Человек при рождении получает собственное имя, к нему еще приобщается имя отца (отчество) и фамилия рода, чаще всего образованная от названия местности, к которой этот род как бы засвидетельствовал свою принадлежность.
Иван Петрович Егоров… Егоровка исчезла, и фамилия «Егоров» утратила свой исторический смысл, стала как бы случайной и неустойчивой, как неустойчивым и случайным оказалось название нового поселка – Сосновка.

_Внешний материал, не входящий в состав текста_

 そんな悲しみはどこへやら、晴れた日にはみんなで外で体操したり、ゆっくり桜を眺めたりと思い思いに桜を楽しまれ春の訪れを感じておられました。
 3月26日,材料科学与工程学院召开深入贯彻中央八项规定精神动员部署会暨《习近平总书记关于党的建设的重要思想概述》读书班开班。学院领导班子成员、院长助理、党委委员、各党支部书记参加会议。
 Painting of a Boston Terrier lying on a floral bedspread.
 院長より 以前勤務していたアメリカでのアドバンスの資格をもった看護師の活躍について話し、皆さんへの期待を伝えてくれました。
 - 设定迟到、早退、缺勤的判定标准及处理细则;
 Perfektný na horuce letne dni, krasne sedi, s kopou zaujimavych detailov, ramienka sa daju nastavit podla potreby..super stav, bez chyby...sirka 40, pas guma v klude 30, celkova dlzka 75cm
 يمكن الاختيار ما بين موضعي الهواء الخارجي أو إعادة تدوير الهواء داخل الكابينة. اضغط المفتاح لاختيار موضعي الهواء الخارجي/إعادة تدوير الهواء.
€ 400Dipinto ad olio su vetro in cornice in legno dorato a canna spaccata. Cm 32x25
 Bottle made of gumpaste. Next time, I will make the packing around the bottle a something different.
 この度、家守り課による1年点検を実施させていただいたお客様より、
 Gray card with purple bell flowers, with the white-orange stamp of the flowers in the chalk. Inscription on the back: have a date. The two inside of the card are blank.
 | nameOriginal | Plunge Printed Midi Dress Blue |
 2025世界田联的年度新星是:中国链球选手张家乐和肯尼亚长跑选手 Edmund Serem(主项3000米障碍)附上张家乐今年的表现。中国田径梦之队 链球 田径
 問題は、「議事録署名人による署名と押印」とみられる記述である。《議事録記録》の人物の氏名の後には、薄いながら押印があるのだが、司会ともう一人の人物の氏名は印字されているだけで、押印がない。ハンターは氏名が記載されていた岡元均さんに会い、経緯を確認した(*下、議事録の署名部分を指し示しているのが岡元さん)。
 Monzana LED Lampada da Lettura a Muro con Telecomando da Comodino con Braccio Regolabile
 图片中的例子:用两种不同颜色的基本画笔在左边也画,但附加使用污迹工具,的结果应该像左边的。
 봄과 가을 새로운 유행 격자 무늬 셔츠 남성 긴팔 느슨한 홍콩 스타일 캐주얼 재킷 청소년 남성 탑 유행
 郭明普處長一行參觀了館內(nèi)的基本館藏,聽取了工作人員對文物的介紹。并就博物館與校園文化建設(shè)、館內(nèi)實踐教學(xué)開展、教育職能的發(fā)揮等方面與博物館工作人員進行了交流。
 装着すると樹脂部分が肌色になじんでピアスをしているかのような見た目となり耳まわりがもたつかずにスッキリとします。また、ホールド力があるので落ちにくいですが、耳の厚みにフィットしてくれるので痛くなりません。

Нет, Егоров не драматизировал при переселении события так, как это делала тетка Дарья из Матеры, тогда им владело двойственное чувство: «И когда грянула весть о затоплении, когда подошел срок переезжать… признаться, Иван Петрович расставался с Егоровкой тяжело, не без этого, как всякий человек, имеющий память и сердце, и в то же время с тайным удовлетворением, что не он решил, а за него решилось, перевозил и ставил на новом месте он свою избу: там было хорошо, и здесь с годами должно быть лучше».
Но с годами лучше не стало, хотя, возможно, стало удобнее, но удобнее – это еще не значит, что лучше, во всяком случае, для таких людей, каким был Иван Петрович Егоров или его односельчанин Афоня. Идут эти немолодые мужики и беседуют, грустно беседуют:
«– Устал я, Афоня. Исстервозился. Сам видишь, никакого от меня толку.
– А Егоровка?
– Что Егоровка?
Думал, скажет Афоня: в нас она, в нас. Думал, начнет говорить, что уедем мы отсюда – и будто не было ее, Егоровки нашей, никогда, а пока здесь – и память о ней живет. Потому что и сам так же рассуждал. Но сказал Афоня:
– Найдешь ты место на воде, где стояла Егоровка?
– Не знаю. Прикину – найду.
– А я вот хочу нонешним летом знак какой поставить на этом месте. Что стояла тут Егоровка, работницей была не последней, на матушку-Россию работала».
Афоня высказывает не только свою мысль, но и авторскую, и эта мысль естественно находит живой отклик в измученной душе Ивана Петровича. У каждого из них болит душа, но болит в одиночку; общая душа, взращенная общим местом жизни, расщепилась, распалась с исчезновением Егоровки, но и по своем исчезновении Егоровка продолжает служить людям, памятью о себе она восстанавливает их духовные связи, исполняя теперь культурную миссию собирания общей души, без которой или в отдельности от которой человек нередко превращается или, лучше сказать, вырождается в архаровца.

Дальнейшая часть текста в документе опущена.